Tangy vanilla bean panna cotta
2 tablespoons cold water
2 teaspoons unflavored powdered gelatin
2 cups heavy cream
1/3 cup granulated sugar
1 vanilla bean, split lenghtwise
1/4 teaspoon salt
1 cup well-shaken buttermilk
1 cup sour cream
-In a small bowl, whisk together cold water and gelatin and let soften for 5 minutes.
-In a medium saucepan, combine heavy cream, sugar, vanilla bean, and salt. Cook over medium-low heat, stirring often to dissolve sugar, until mixture is hot (don’t let it boil!).
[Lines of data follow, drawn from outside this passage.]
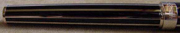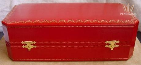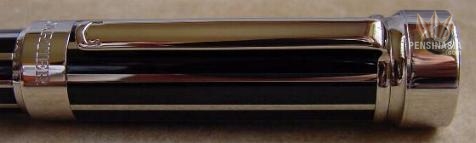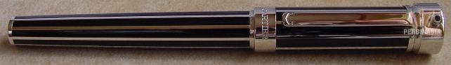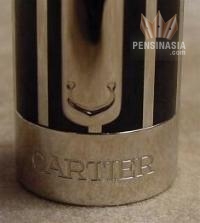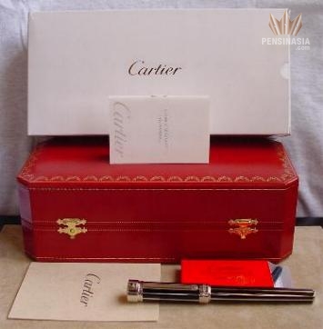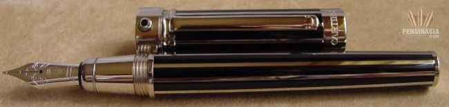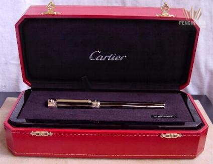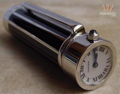 This magnificent limited edition fountain pen by Cartier in black lacquer and platimum plate, the cap top set with a timepiece signed 'Cartier' on the Roman dial. Each piece is serial numbered and comes with a certificate and beautiful traditional Cartier presentation box.
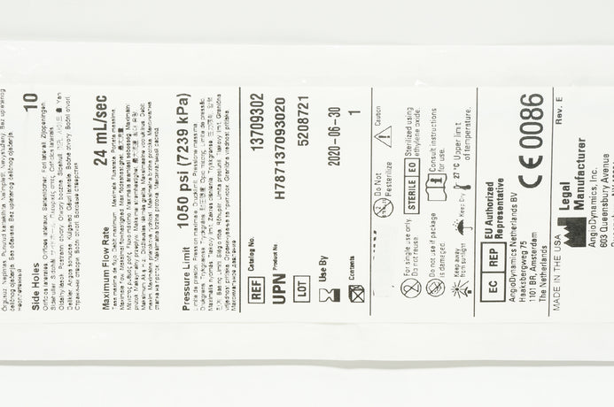 Non Braided, 10 Side Holes, Maximum Flow Rate 24 mL/sec, Pressure Limit 1050psi
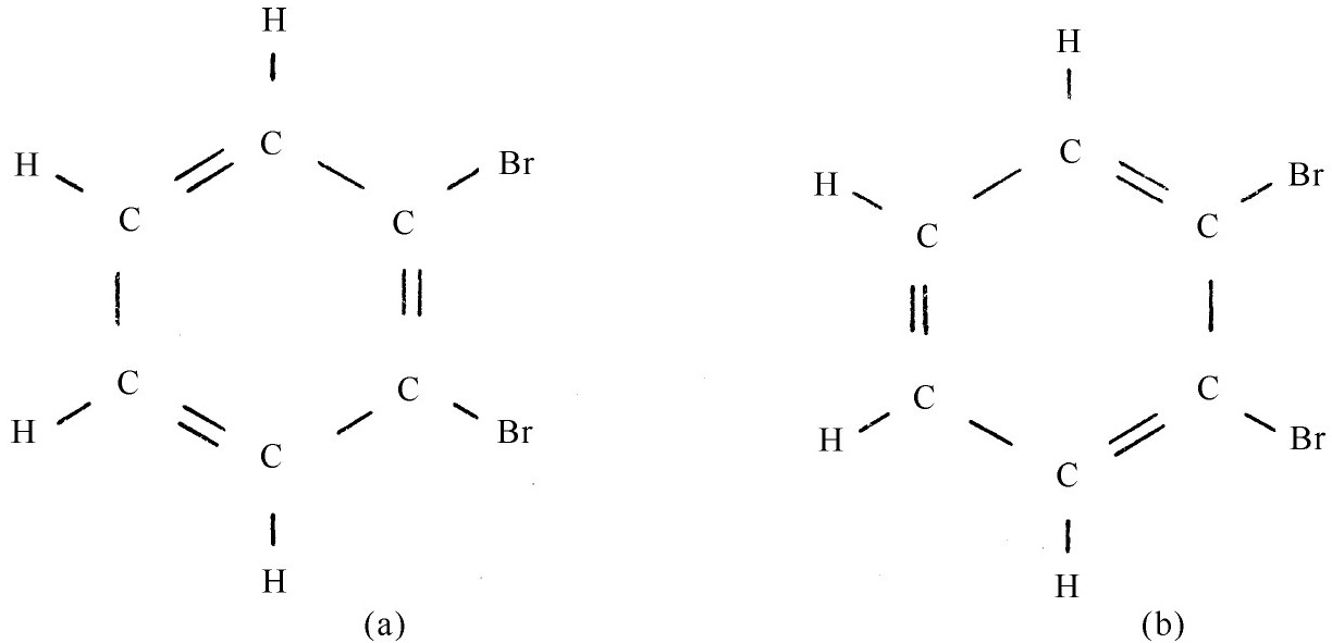 (2) 我们将事情稍微简单化了。原来,化学家认为应当有4种 形式的二溴苯:两种形式是溴原子连在相邻的碳原子上(邻二溴苯),第三种形式是溴原子相间地连在碳原子上(间二溴苯),而第四种形式是两个溴原子彼此相对(对二溴苯)。然而,他们只找到3种形式——只有1种 形式的邻位溴苯分子的形式。
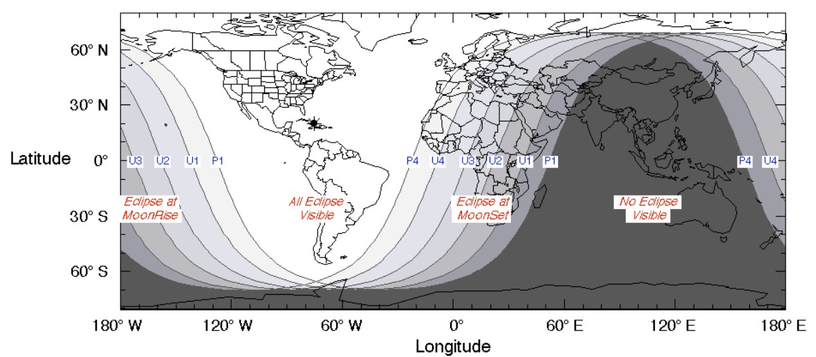 Tutulmanın tamamı Kuzey ve Güney Amerika’dan, Avrupa, Asya, Afrika, Pasific, Hint ve Atlas okyanuslarıdan, kuzey kutup bölgesinden gözlemlenebilecek.
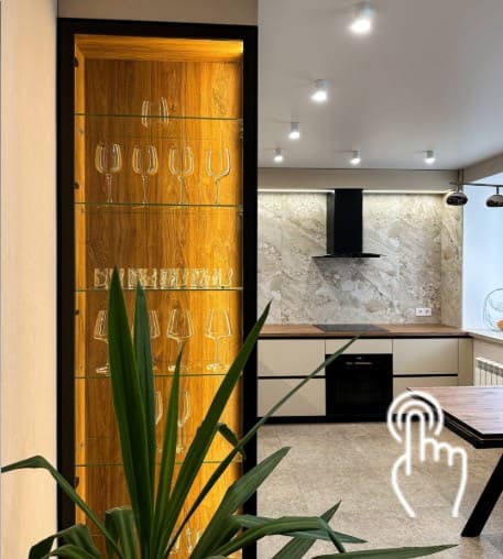 Описание: Дизайн интерьера кухни на заказ. Открывание фасада от нажатий.
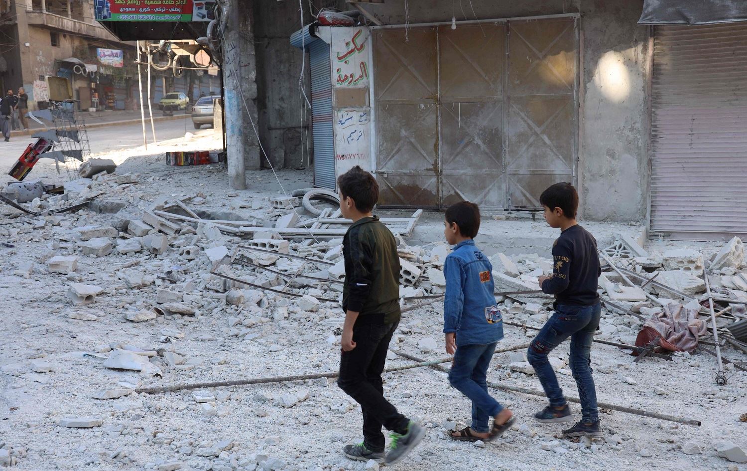 Children walk past debris at the site of shelling in the Syrian town of Ariha in the rebel-held northwestern Syrian Idlib province on October 20, 2021. Photo: Mohammed al-Rifai/AFP
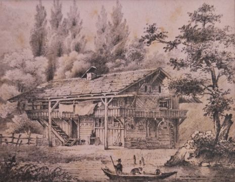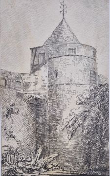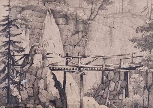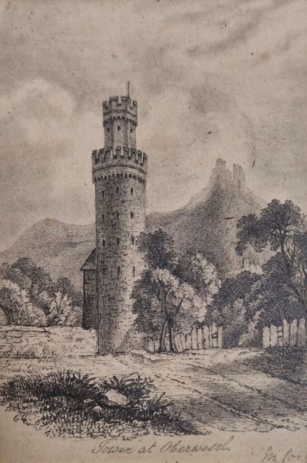 Quantity of sketches of Architectural drawings, mounted, pencil and paper, to include: Miss Cooch 1831, signed and dated verso, M.Denys, Bridge over waterfall, signed verso  Lucy Lathbury, 1830, Back of Lathbury Hall, signed and dated verso Provenance Lathbury Family, Suffolk ( twelve in all)
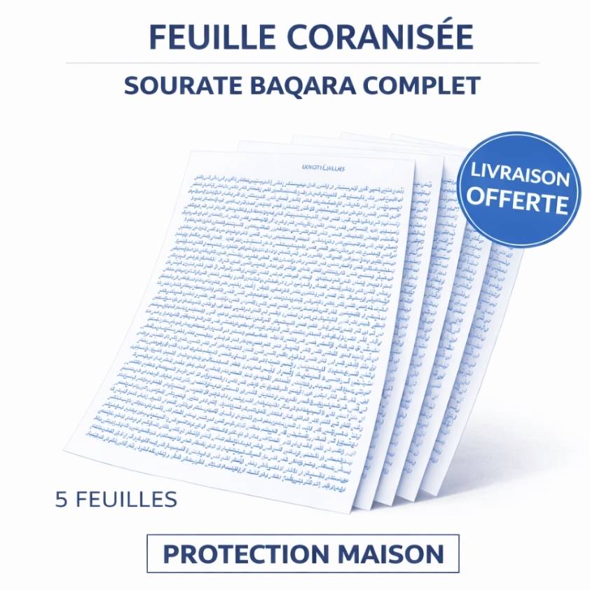 FEUILLES CORANISÉES – SOURATE AL BAQARA COMPLET – PROTECTION MAISON – 5 PAGES
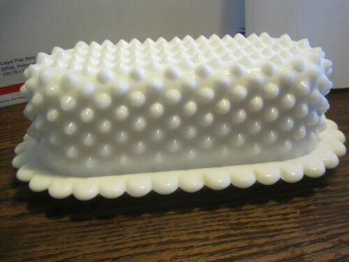 Title (ebay affiliate link): VTG Fenton WHITE Milk Glass Hobnail Covered Butter Dish W/Scalloped Base
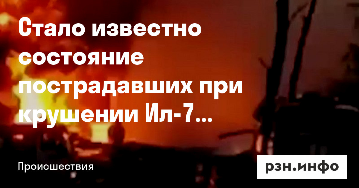 Стало известно состояние пострадавших при крушении Ил-76 в Рязани. Об этом в пятницу, 24 июня, РЕН ТВ.
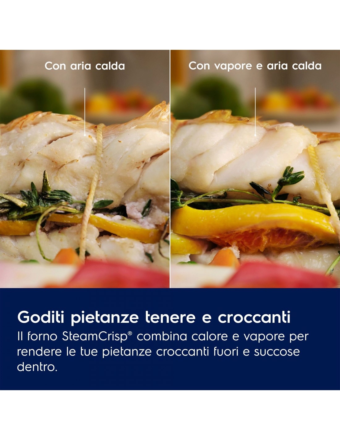 Il forno multifunzione SteamCrisp® combina calore e vapore per cuocere e arrostire. Questa combinazione mantiene i piatti croccanti all’esterno e succosi all’interno: la carne è più succosa e il pesce è più tenero, fino al 20% in più rispetto alla cottura in un forno non a vapore.
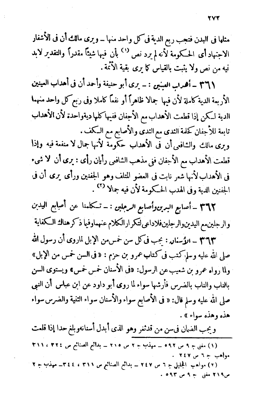 361- أهداب العينين: يرى أبو حنيفة وأحمد أن فى أهداب العينين الأربعة الدية كاملة لأن فيها جمالاً ظاهرًا ونفعًا كاملاً، وفى ربع كل واحد منها الدية، لكن إذا قطعت الأهداب مع الأجفان ففيها كلها دية واحدة؛ لأن الأهداب تابعة للأجفان كحلمة الثدى مع الثدى والأصابع مع الكف.
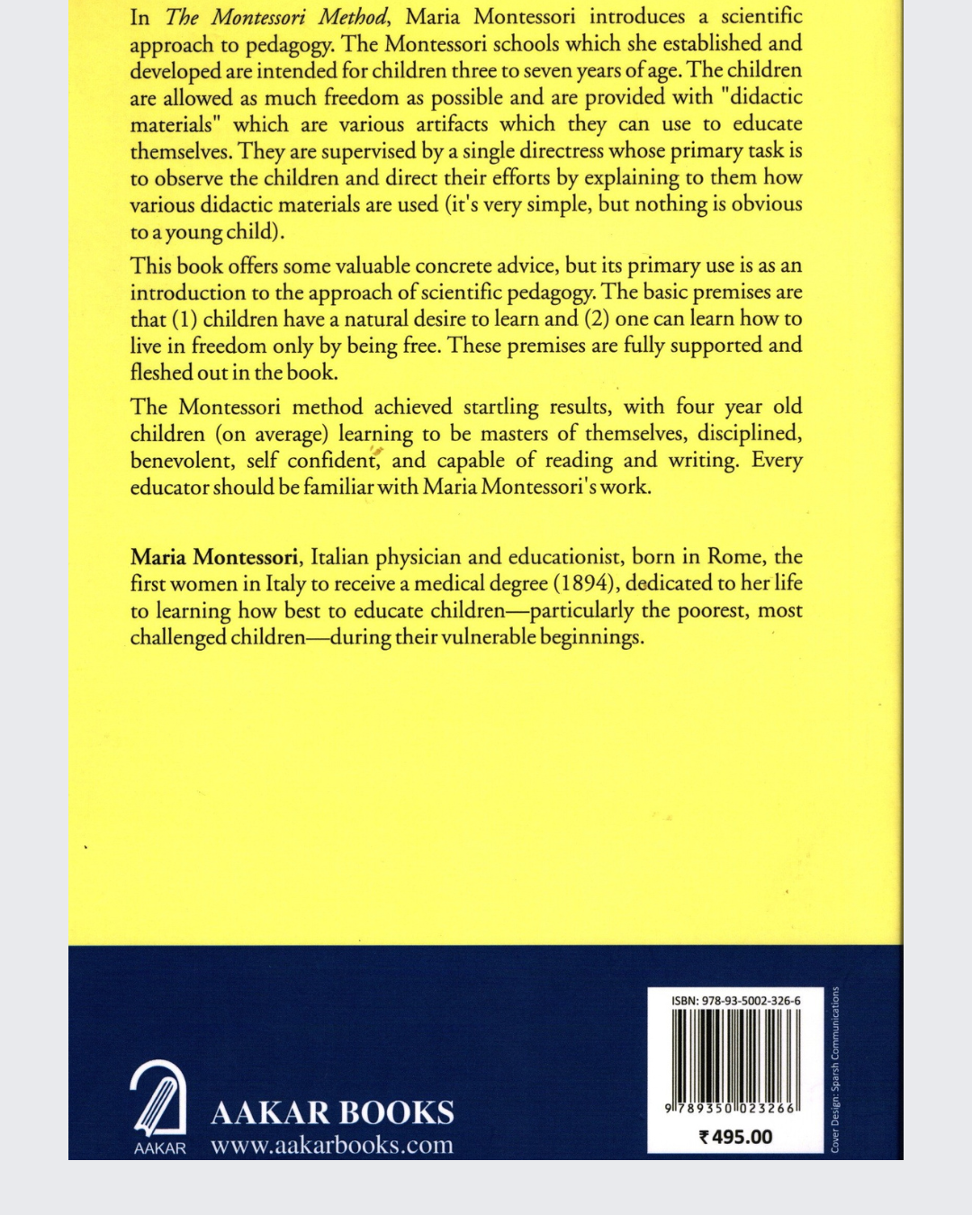 In The Montessori Method, Maria Montessori introduces a scientific approach to pedagogy. The Montessori schools which she established and developed are intended for children three to seven years of age. The children are allowed as much freedom as possible and are provided with "didactic materials" which are various artifacts which they can use to educate themselves. They are supervised by a single directress whose primary task is to observe the children and direct their efforts by explaining to them how various didactic materials are used (it's very simple, but nothing is obvious to a young child).
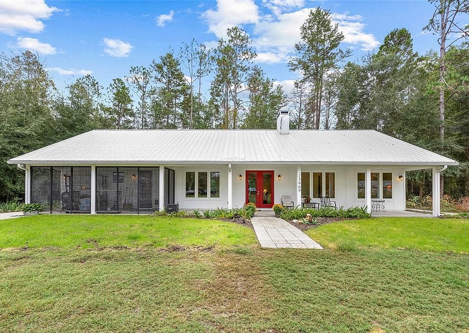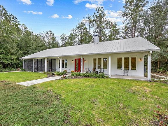 One or more photos were virtually staged (fire shown in fireplace). Offering a peaceful country lifestyle without sacrificing city convenience is this hidden gem in Grassy Lake Estates less than 10 miles from University of Florida! Sitting on 6.32 gorgeous acres zoned for horses is not 1, but 2 homes! There’s a stunning like-new 1,872 sq ft 3-bed, 2-bath home built in 2018 by Robinson Renovation & Custom Homes, Inc., and an adorable 900 sq ft 2-bed, 1-bath guest house built in 2021. The exquisite modern farmhouse features 10 ft ceilings, high-end finishes, a sophisticated neutral palette, porcelain wood-look tile, Corian countertops, and tranquil vistas throughout. Stepping indoors you will find yourself in a huge great room that highlights a wood-burning fireplace, a clever barn door covering the TV, and glass doors overlooking the private backyard. Custom lighting showcases the dining area and designer island kitchen packed full of elevated aesthetics including stainless steel appliances, focal-point range hood, classic white subway tile backsplash, and custom cabinetry. A split bedroom plan has the primary suite off the kitchen. The spacious suite includes a barn door entry into the sizable ensuite boasting double sinks, bathtub, huge walk-in shower, and white subway tiles. On the other side of the home are two guest bedrooms with upgraded closets and a full guest bath featuring a glass-enclosed walk-in shower with white subway tiles, consistent with the home’s style. There is an office with large windows and glass doors for privacy, an efficient laundry room with cabinets and shelving, a welcoming front porch that has a screened area with a garden potting sink, and a covered back porch running the length of the home. Additional bonuses include a new water treatment system, spray foam insulation in the attic, and a 3-bay carport. Located in Archer, the property is an easy commute to top medical facilities like UF Health Shands Hospital and HCA Florida North Florida Hospital. Excellent shopping and dining are easily accessible, with Celebration Pointe, Butler Town Center, and the unique boutiques and restaurants of Haile Village Center all within a comfortable driving radius. Outdoor enthusiasts will appreciate the proximity to nature parks and trails, including the Gainesville-Hawthorne State Trail for biking and hiking. This location truly captures the essence of private country living while keeping all of Gainesville's major employment, entertainment, and retail centers well within reach. If you have been dreaming of a luxurious home in the country close to town where you can create a homestead or bring your horses, don’t let this opportunity pass you by!
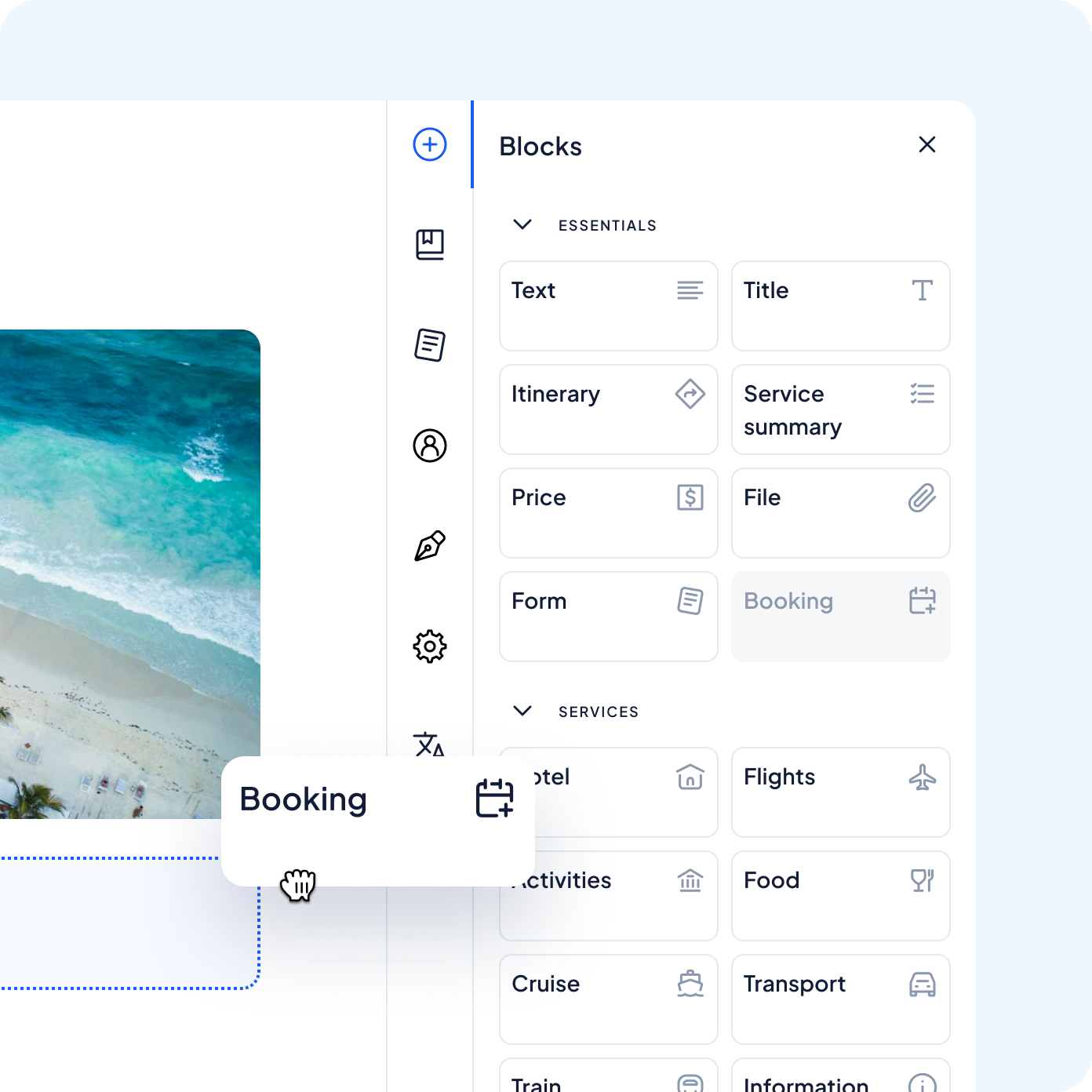 With MOGU's builder, every travel itinerary is created quickly and intuitively. Add destinations, activities, and prices in just a few clicks, without rigid templates or technical complications. Create proposals ready to sell at the pace your clients expect.

Remove from heat and whisk in gelatin mixture until smooth. Let mixture cool for 5 to 10 minutes. Remove vanilla bean and scrape the caviar into pan, discarding the pod.
-In a large bowl, whisk together buttermilk and sour cream and then whisk into heavy cream mixture until smooth. Divide texture equally among 6 6-ounce ramekins, custard cups, or coffee cups. Chill, uncovered, until firm, 3 to 4 hours. To serve, unmold panna cottas onto dessert dishes or serve straight from the ramekins in which they were chilled.
*Turn it into Honey-vanilla panna cotta: Reduce granulated sugar to 1/4 cup and add 1/4 cup honey along the sugar.